#### [Problem to work on]
Word for word, retype the first line of the records and every following line through the one containing "同学们,你们知道吃银耳对身体".

#### [The data]
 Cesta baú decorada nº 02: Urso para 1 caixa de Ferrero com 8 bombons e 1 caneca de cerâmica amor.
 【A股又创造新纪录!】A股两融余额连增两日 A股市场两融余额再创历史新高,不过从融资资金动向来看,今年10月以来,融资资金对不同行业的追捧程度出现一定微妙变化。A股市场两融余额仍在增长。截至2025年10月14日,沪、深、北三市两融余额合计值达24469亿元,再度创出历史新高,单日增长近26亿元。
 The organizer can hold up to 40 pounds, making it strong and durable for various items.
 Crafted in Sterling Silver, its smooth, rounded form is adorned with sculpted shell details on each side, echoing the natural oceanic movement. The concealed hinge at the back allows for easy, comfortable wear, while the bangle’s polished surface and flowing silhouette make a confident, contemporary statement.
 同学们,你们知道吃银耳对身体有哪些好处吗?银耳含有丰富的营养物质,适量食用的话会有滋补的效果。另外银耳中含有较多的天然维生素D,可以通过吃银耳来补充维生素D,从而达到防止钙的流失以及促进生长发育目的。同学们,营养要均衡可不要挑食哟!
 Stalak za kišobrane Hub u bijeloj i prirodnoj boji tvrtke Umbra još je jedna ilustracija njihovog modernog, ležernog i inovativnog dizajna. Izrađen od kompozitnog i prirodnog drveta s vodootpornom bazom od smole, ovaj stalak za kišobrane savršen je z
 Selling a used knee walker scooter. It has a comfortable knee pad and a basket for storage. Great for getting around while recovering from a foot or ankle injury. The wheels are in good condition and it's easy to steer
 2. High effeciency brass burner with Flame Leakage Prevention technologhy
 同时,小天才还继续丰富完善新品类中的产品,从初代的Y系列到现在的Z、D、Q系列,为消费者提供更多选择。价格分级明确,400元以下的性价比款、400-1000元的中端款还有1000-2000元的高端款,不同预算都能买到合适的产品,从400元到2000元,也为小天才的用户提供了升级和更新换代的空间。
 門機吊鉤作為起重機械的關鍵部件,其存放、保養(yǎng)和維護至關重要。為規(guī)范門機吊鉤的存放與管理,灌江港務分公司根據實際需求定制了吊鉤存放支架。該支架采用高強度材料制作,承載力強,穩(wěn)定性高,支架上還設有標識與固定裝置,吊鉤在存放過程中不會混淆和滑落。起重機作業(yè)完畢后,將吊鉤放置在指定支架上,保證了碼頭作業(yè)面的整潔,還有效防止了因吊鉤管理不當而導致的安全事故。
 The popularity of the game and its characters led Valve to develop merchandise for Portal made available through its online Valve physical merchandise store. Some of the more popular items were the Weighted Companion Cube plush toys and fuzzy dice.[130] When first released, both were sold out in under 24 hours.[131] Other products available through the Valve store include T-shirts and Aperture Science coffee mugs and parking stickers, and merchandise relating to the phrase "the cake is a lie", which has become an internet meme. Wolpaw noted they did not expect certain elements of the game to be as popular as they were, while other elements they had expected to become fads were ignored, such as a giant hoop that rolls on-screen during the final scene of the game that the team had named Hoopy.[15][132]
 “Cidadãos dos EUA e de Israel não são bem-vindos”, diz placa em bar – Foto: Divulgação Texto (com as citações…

#### [Solution for this exercise]
 Cesta baú decorada nº 02: Urso para 1 caixa de Ferrero com 8 bombons e 1 caneca de cerâmica amor.
 【A股又创造新纪录!】A股两融余额连增两日 A股市场两融余额再创历史新高,不过从融资资金动向来看,今年10月以来,融资资金对不同行业的追捧程度出现一定微妙变化。A股市场两融余额仍在增长。截至2025年10月14日,沪、深、北三市两融余额合计值达24469亿元,再度创出历史新高,单日增长近26亿元。
 The organizer can hold up to 40 pounds, making it strong and durable for various items.
 Crafted in Sterling Silver, its smooth, rounded form is adorned with sculpted shell details on each side, echoing the natural oceanic movement. The concealed hinge at the back allows for easy, comfortable wear, while the bangle’s polished surface and flowing silhouette make a confident, contemporary statement.
 同学们,你们知道吃银耳对身体有哪些好处吗?银耳含有丰富的营养物质,适量食用的话会有滋补的效果。另外银耳中含有较多的天然维生素D,可以通过吃银耳来补充维生素D,从而达到防止钙的流失以及促进生长发育目的。同学们,营养要均衡可不要挑食哟!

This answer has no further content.